I didn’t ask him where he’d been or why he didn’t call me back. I decided to just leave it alone. “Hey.”
All I got was a look.
I ran my fingers through my hair, then moved in to him to kiss him. I rose on my tiptoes and kissed his mouth, feeling the stubble from his chin. He hadn’t shaved in the past few days, so his chin was coarser than it usually was. I kissed him, but his embrace wasn’t particularly affectionate. “Long day?” I asked.
“Something like that.” He stepped away from me the second I let go, like he couldn’t get away from me fast enough.
It stung. “You want to have dinner in here? Or on the terrace?”
“I already ate.” He opened the drawer to his dresser and pulled out workout clothes.
I couldn’t remember a time when we didn’t eat together, except when I first came to live with him. Once our relationship had changed, we shared all our meals at the same time, especially dinner. “Conway, what’s wrong?”
“Nothing.” He grabbed his headphones and changed into his shorts and a fresh t-shirt. “I’m just not hungry.”
I wanted to be patient with him, but now I wasn’t buying these lies. “Conway.”
He left his jeans on the floor and dropped his phone into his pocket. Like I hadn’t said his name at all, he kept going.
“What happened with your family?”
“Nothing that concerns you.”
My eyebrows almost shot off my face in shock. He gave me a backhand without actually touching me. “Why are you being such an ass?”
He finally looked at me, his gaze ice-cold. “Because I’m an ass. I’ve always been an ass, and I’ll always be an ass. I’m a fucking asshole that only wants good sex and peace and quiet. It’s not my fault that you ever expected me to be anything more than what I am.” He shoved his earphones into his canals and stormed off.
I was in such shock that I didn’t stop him. I watched him walk away, watched this man I hardly knew leave the bedroom. He looked like Conway and sounded like Conway…but he wasn’t the man that I knew. Something had set him off, and now he wasn’t a person I recognized.
Even at our worst, he’d never spoken to me that way.
He’d never treated me that way.
Conway never came back. He went on his run and disappeared.
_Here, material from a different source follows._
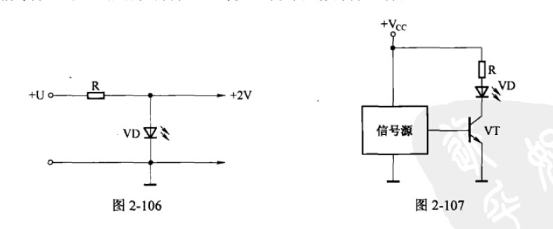 2、發(fā)光二極管可作為低電壓穩(wěn)壓二極管使用。圖2-106所示為簡單并聯(lián)穩(wěn)壓電路,利用發(fā)光二極管VD的管壓降,可提供+2V的直流穩(wěn)壓輸出。VD同時具有電源指示功能。

I had dinner alone in the bedroom and waited for him like a wife waiting for her cheating husband to walk through the door.
But he never came.
If he was on the property, there was only one place he would be. His studio was his safe zone, the place where he produced beautiful pieces he was proud of. It was late, so he would normally be in bed right now, but if he wasn’t in the bedroom with me, that’s where he would be.
Unless he went out instead.
The door was shut, but light escaped through the crack underneath. Dante would never leave that light on by accident, so I knew it was occupied. I opened the door and let myself inside. Just as I expected, he was sitting at the table with his sketchbook in front of him.
He didn’t look up.
I slowly approached the table, examining the sweat lines on his t-shirt. He’d worked out hard but didn’t shower afterward. That was unlike him. Standing beside him, I waited for something to happen.
He kept sketching, making a simple black corset that wasn’t memorable.
“Conway.”
His hand stilled, but he still didn’t look at me.
“Talk to me.”
He finally set the pencil down and looked at me, but his fierce expression showed his rage. “What, Sapphire? What do you want to talk about?”
Like he’d backhanded me again, I was nearly knocked off my feet. He could say the coldest things to me, but nothing was more insulting than calling me by my first name. He hadn’t done that since he’d first learned it. I hardly identified with the name anymore. Muse was my name now. It was my identity.
And he took it away.
“Don’t call me that,” I whispered.
He wasn’t the same handsome man he used to be. Now he looked different, hostile. “It’s your name.”
“Muse is my name.”
He held my gaze, his shoulders rigid and hard. His body was tighter than usual, like he was ready for a fight to break out. He was strung tighter than I’d ever seen him, as though he could snap like a rubber band if he were stretched any further. “What do you want? I’m working.”
“What do I want?” I asked in shock. “I want you to stop being an ass and just tell me what’s wrong.”
“Nothing is wrong,” he snapped. “I don’t have to spend every waking minute with you if I don’t want to. You aren’t the center of my world, Sapphire. You aren’t—”
I slapped him across the face. “Don’t call me that.”